§ **INSTRUCTIONS TO FOLLOW**:
Leaving out every line that comes before the one containing "720 Chanel 25K", output the rest of the records exactly, the final line included.

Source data
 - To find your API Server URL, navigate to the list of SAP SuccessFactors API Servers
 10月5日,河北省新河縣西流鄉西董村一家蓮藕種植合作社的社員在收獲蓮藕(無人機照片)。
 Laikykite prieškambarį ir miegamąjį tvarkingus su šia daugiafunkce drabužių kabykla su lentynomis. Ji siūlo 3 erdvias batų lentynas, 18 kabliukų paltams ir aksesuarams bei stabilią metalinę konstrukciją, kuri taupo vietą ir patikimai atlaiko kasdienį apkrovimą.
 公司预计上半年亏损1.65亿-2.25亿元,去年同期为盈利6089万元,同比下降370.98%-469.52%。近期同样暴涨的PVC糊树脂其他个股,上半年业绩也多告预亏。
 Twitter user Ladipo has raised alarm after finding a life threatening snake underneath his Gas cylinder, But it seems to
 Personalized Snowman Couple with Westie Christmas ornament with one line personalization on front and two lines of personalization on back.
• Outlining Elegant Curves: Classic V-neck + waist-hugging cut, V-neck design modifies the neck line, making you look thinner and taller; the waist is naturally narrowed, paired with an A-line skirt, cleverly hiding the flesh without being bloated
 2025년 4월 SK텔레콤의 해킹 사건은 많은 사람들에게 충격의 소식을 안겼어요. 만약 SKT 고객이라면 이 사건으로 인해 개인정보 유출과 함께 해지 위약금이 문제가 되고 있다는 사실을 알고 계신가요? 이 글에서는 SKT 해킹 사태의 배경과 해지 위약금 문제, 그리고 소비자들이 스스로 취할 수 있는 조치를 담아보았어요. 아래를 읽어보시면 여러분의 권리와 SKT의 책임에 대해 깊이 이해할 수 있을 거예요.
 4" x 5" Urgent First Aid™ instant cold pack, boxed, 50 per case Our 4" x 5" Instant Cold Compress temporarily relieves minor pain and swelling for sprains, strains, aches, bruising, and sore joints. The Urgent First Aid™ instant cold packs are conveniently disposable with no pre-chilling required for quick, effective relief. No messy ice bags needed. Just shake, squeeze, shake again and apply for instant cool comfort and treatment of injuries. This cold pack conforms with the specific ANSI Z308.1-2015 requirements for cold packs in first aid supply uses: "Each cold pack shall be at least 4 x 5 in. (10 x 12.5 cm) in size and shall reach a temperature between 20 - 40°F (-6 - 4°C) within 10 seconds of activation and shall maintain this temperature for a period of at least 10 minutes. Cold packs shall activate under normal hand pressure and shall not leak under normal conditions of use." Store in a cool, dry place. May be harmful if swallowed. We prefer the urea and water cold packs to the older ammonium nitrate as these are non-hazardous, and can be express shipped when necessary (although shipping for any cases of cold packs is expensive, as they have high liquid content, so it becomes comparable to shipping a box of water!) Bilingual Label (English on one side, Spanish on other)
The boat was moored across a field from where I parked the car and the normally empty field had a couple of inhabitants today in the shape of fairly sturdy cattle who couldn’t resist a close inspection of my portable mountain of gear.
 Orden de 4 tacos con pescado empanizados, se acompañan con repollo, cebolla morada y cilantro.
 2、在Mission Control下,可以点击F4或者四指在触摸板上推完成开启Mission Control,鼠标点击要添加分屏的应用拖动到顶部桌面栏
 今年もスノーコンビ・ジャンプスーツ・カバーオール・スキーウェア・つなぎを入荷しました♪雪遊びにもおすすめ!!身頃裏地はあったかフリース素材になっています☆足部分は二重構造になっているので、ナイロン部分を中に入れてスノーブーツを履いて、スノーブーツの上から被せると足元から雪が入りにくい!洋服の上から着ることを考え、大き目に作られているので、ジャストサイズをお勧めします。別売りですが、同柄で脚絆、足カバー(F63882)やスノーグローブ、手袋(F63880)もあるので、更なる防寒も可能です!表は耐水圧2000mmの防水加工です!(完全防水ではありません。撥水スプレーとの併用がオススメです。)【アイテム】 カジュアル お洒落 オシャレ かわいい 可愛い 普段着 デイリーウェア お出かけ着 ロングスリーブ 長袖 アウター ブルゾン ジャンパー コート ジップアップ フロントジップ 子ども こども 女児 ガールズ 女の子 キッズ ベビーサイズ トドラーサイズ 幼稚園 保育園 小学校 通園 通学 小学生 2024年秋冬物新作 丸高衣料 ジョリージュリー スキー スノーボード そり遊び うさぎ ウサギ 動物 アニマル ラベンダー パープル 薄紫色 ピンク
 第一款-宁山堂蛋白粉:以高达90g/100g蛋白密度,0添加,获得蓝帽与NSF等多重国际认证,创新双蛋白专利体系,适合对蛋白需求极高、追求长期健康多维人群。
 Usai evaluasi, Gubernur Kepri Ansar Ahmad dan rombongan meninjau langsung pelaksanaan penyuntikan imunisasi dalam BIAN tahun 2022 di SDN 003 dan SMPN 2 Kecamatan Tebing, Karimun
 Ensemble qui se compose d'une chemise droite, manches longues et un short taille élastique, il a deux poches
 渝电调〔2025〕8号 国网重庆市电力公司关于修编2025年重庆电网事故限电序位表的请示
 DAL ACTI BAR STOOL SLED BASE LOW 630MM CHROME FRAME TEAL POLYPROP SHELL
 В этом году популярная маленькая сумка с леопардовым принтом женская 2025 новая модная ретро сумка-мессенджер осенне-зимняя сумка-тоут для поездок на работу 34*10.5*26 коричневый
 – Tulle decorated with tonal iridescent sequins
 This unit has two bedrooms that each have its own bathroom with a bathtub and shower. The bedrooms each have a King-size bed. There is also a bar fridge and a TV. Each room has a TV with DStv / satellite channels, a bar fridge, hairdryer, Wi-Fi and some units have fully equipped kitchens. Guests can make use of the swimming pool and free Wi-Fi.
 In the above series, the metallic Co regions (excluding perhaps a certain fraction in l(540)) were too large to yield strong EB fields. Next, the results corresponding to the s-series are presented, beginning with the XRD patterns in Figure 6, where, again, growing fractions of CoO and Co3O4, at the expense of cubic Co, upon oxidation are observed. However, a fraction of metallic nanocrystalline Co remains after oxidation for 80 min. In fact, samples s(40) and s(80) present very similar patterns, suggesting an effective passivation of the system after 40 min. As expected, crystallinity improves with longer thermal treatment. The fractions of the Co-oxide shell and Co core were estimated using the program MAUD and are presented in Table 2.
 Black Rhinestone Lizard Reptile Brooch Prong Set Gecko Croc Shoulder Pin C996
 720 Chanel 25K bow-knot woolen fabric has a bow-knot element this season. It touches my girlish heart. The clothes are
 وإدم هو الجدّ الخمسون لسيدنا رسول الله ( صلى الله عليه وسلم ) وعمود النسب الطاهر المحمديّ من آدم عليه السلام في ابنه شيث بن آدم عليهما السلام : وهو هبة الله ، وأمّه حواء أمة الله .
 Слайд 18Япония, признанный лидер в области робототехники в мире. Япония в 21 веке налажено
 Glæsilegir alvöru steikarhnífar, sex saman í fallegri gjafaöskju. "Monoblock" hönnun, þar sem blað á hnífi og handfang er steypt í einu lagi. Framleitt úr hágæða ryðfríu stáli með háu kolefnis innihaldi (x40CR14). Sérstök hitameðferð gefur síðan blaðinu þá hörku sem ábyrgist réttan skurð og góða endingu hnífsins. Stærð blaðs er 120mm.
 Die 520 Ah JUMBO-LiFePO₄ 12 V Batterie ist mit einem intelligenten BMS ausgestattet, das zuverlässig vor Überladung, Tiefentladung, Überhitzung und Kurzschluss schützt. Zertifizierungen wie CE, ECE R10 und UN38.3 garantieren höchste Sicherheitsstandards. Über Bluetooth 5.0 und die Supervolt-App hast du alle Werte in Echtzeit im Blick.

§ **COMPLETED TASK**:
 720 Chanel 25K bow-knot woolen fabric has a bow-knot element this season. It touches my girlish heart. The clothes are
 وإدم هو الجدّ الخمسون لسيدنا رسول الله ( صلى الله عليه وسلم ) وعمود النسب الطاهر المحمديّ من آدم عليه السلام في ابنه شيث بن آدم عليهما السلام : وهو هبة الله ، وأمّه حواء أمة الله .
 Слайд 18Япония, признанный лидер в области робототехники в мире. Япония в 21 веке налажено
 Glæsilegir alvöru steikarhnífar, sex saman í fallegri gjafaöskju. "Monoblock" hönnun, þar sem blað á hnífi og handfang er steypt í einu lagi. Framleitt úr hágæða ryðfríu stáli með háu kolefnis innihaldi (x40CR14). Sérstök hitameðferð gefur síðan blaðinu þá hörku sem ábyrgist réttan skurð og góða endingu hnífsins. Stærð blaðs er 120mm.
 Die 520 Ah JUMBO-LiFePO₄ 12 V Batterie ist mit einem intelligenten BMS ausgestattet, das zuverlässig vor Überladung, Tiefentladung, Überhitzung und Kurzschluss schützt. Zertifizierungen wie CE, ECE R10 und UN38.3 garantieren höchste Sicherheitsstandards. Über Bluetooth 5.0 und die Supervolt-App hast du alle Werte in Echtzeit im Blick.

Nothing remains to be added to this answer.